Несмотря на то, что было уже около часу ночи, в правлении колхоза горел свет, и Тимер с другом повернули прямо туда. Навстречу им вышли Байназар и Якуб. Байназар, увидев редактора вместе с председателем, подумал, что тому уже все известно о письме. Ему стало неловко, и он заторопился распрячь лошадей. Но Тимер сам подошел к нему и дружески пожал руку:

— Ну как дела?

— Дела по-старому, — сказал Байназар, обрадовавшись этому теплому рукопожатию. — Вот сижу на дежурстве, пока все идет нормально.

Распрягли лошадей, поставили их в сарай и зашли в правление. Тимер под большим секретом сообщил, что Гарей сбежал из лагеря и, что вполне возможно, крутится где-то в этих местах. Завтра надо будет провести общее собрание колхозников.

Время было позднее, все устали, и поэтому Якуб сказал:

— Ладно, утро вечера мудренее, на сегодня разговоров хватит. Завтра обсудим все основательно.

Он поднялся с места, Тимер и Галяу тоже встали. В правлении остался лишь дежурный Байназар.

Но в эту ночь ни Байназар, ни Якуб не могли уснуть. Одного беспокоил мнимый Хызыр-Ильяс, другого — воры, пытавшиеся проникнуть на склад фермы.

После того, как вышли из правления, Якуб покинул своих спутников, и в голову ему пришла неожиданная мысль: этот слепой гадальщик наверняка был Гарей! Постепенно он уверился в этом твердо. Тут пришли в голову и пропавшие кони, и чистые бланки, найденные в портфеле у липового адвоката Шавали. «Дальше тянуть нельзя, — решил он. — Надо проверить, выйти на след». Якуб был человек дела, и раз уж что решил, то больше не колебался. Он торопливо зашагал к дому своего друга Булата.

— Ты что так поздно? — удивился тот. — Или опять на охоту? Ну и беспокойный же ты человек, Якуб.

— Не шуми, а быстрее одевайся!

— Ладно. Я-то уж буду неплохим проводником охотнику, — сказал Булат и быстро оделся.

Они сели на коней и поехали прямо в Максютово. В деревне уже все спали, не было видно ни одного огонька. Дом Шавали стоял на краю деревни, и они направились прямо к нему. Еще по дороге Якуб высказал другу свои подозрения. Тот пытался возразить:

— Зачем ты суешься в дело милиции? А вдруг выпустишь из рук стервятника?

Но Якуб, разгоряченный «охотой», отмахнулся от него. Его волновало лишь одно: как заставить открыть дверь? В такую позднюю ночь вряд ли откроют, если постучать. Да еще успеют принять меры предосторожности. Якуб лихорадочно соображал, как перехитрить врага, и ему в голову пришла одна неожиданная мысль. Он даже рассмеялся, как ребенок, от удовольствия. Между тем они уже совсем приблизились к дому Шавали.
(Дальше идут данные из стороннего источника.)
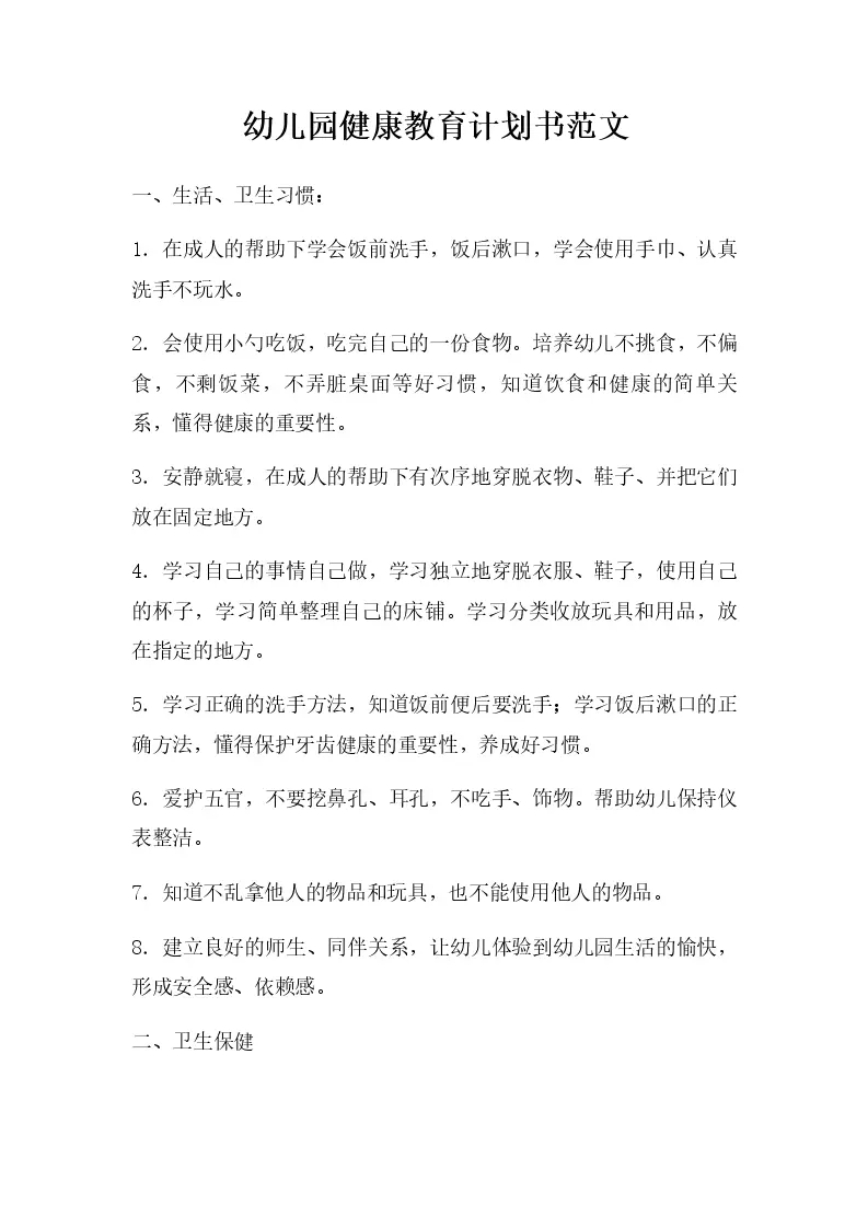 幼儿园健康教育计划书范文

Лошадей привязали к ограде и прошли во двор. Они без слов понимали каждое движение друг друга и действовали проворно. Прежде всего положили перед дверью по охапке сена.

Да, это была смелая затея! Не надо будет стучать в дверь, жильцы сами выскочат. Но тут была одна опасность, как бы не переполошить всю деревню. Но и об этом Якуб заранее подумал. Как только сено подожгли, Булат закричал в окно: «Пожар!» В доме вдруг загремели, загрохотали. Кто-то вышел в сени, отперев дверь избы. Якуб не стал ждать, он сильно пнул наружную дверь ногой и выбил крючок из петли. Путь был свободен. Он зажег фонарь и вошел в дом. Гарей и Шавали растерялись, не прошел еще первый испуг, кроме того их ослепил свет фонаря. Тем временем Булат прибежал на помощь другу. Этот шум-гам продолжался всего одну минуту, и в деревне ничего не услышали. А может, кто чего и услышал спросонок, но кому охота вставать с теплой постели?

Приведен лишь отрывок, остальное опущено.